I guess I'm looking for best practice to deal with images. How to do followin with minimal memory/CPU usage:
Take picture
Display thumbnail
Resize
Send to server
EDIT 1:
Currently I'm researching possibility of uploading whole shizang as a multi-part MIME message. That would require adding some JAR's to my Android package. Also I'm not sure how effective will be Apache code to load images and sending them(I guess better than my code)
http://okandroidletsgo.wordpress.com/2011/05/30/android-to-wcf-streaming-multi-part-binary-images/
And that I would have to deal with parsing all this on WCF side since there is no way to do it with built-on .NET framework.
http://antscode.blogspot.com/2009/11/parsing-multipart-form-data-in-wcf.html
PLEASE TELL ME IF YOU TRIED THIS!
EDIT 2:
MIME is no good. There is no point since it serializes binary using Base64 which is same thing..
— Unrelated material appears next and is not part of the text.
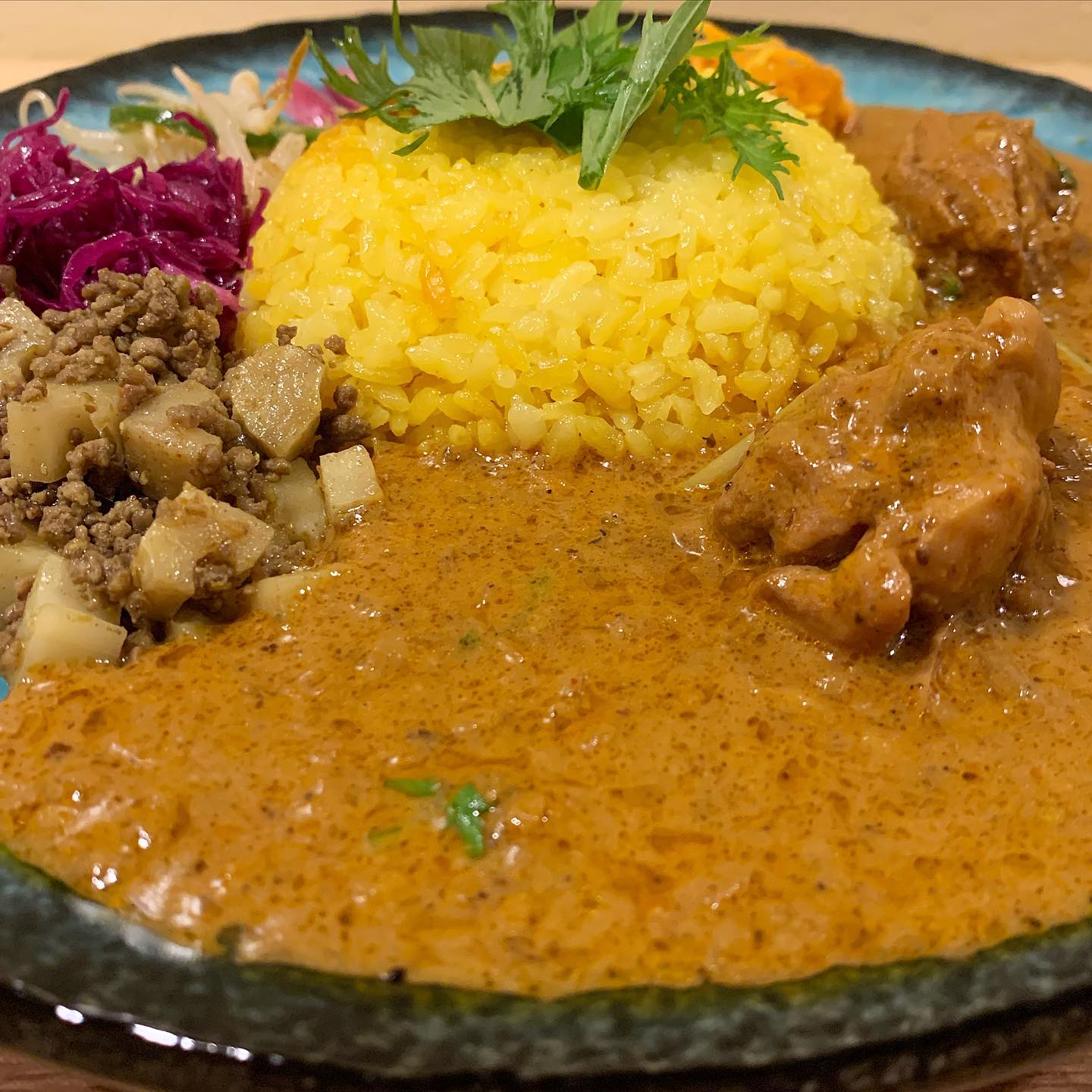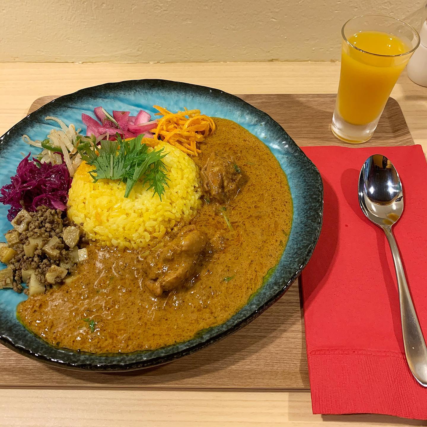 20年5月に旦過市場でオープンしたカレー屋さん。ココナッツベースのカレーはスパイスが効いているが、まろやかでコクがあり、とても複雑で濃厚な味わい。辛さは控えめ。サブジはミンチ肉とレンコン。アチャールは紫キャベツ、モヤシとピーマンの炒め、玉ねぎの酢漬け、人参の胡麻和え。途中から混ぜて食べると酸味もプラスされてこれまた旨い。食後のマンゴージュースも濃厚で美味しい。大満足でした。

Nobody answered but here is what I figured hard way:
Rule #1: When dealing with images - avoid using objects/memory. Sounds obvious but it's not. I figured that resizing image to 800x600 is OK. Anything bigger - you may consider just leaving it as is because it is possible to do http stream on bigger file but it's hard to work with OOM exceptions when you load images into memory for processing
Rule #2: When use GSON - use JsonWriter to populate stream. Otherwise memory will explode. Than pass that stream into HttpClient. JsonWriter will write in chunks and data will be sent as it process.
Rule #3: See rule #2. It will work OK for multiple small images. This way GSON will serialize them 1 by one and feed into stream. Each image WILL be loaded int memory anyway.
Rule #4: This is probably the best solution but requires more coordination with server. Images sent 1 by 1 before message sent to server. They sent as stream without any encoding. This way they don't have to be base64 encoded and they don't have to be loaded in memory on device. Size of transmission will be smaller as well. When all images sent - post main informational object and collect all package together on server.
Rule #5: Forget about storing BLOB in SQLite
Bottom line:
It is much cheaper in term of resources to send images WITHOUT any resizing. Resizing makes sense only when Image get's to about 800x600-ish
Sending multiple images in a single package makes sense when image get's small like 600x400-ish
As soon as you need to upload files - start thinking streams everywhere. DO NOT load stuff into memory.